Due to the unique characteristics of shale formations including low permeability, existence of micro-fractures, and sensitivity to the contact fluids, it is difficult to evaluate the complex microscopic interactions between surfactant and the formation in a traditional laboratory setting. Prior work (Kim et al. 2015) demonstrated the value of a new testing method using Nuclear Magnetic Resonance (NMR) to evaluate the surfactant performance on fracturing fluid flowback recovery. This work further optimizes surfactant to benefit both flowback recovery and oil recovery to provide a recommendation for Eagle Ford formation.

For oil recovery testing, Eagle Ford outcrop cores were aged with associated crude oil from South Texas and then subjected to spontaneous imbibition testing in different commercial surfactants. Upon completion of the initial imbibition, the cores were re-saturated with crude oil to examine the performance of secondary oil recovery, utilizing the adsorbed surfactant on the core without additional surfactants.

For fracturing fluid recovery testing, dry Eagle Ford outcrop cores were saturated in fracturing fluid formulated with a surfactant, followed by lab-simulated flowback recovery using vacuum. The fluid volume change in the core was quantified using NMR. The fluid recovery efficiency was defined as the ratio of the recovered fluid volume after the simulated flowback to the saturated fluid volume in the core during the treatment.

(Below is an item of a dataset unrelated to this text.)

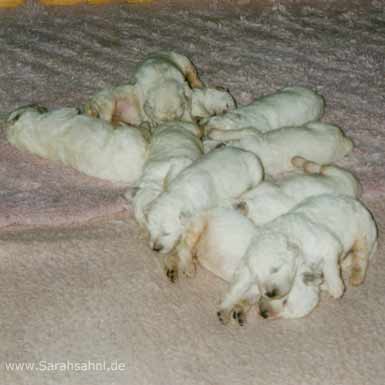 Nun findet doch mal raus, welches Welpchen ist bin. Gar nicht so einfach was ? |

The cores treated with four surfactants—S1, S3, S4, and S6—showed improved initial oil recovery compared to the baseline without surfactant. The core treated with S3 had the best ultimate recovery, recovering 30.5 % of the oil after 15 days, which is 176.5 % improvement compared to the core treated with the baseline fluid with no surfactant. For flowback recovery, the core treated with S1 had the most fluid recovery, flowing back 28.4 percent more treatment fluid than the core treated without any surfactant. Considering both oil recovery and flowback recovery performance, the Eagle Ford outcrop cores treated with S1 and S3 had the best results.

Currently, hydraulic fracturing surfactant selection for shale is based on minimal testing or even solely on experience gained from conventional formations, rather than demonstrated performance in particular shale formations. This work serves as the guideline for selecting fracturing fluid surfactants for use in the Eagle Ford shale to benefit both flowback recovery and initial oil recovery.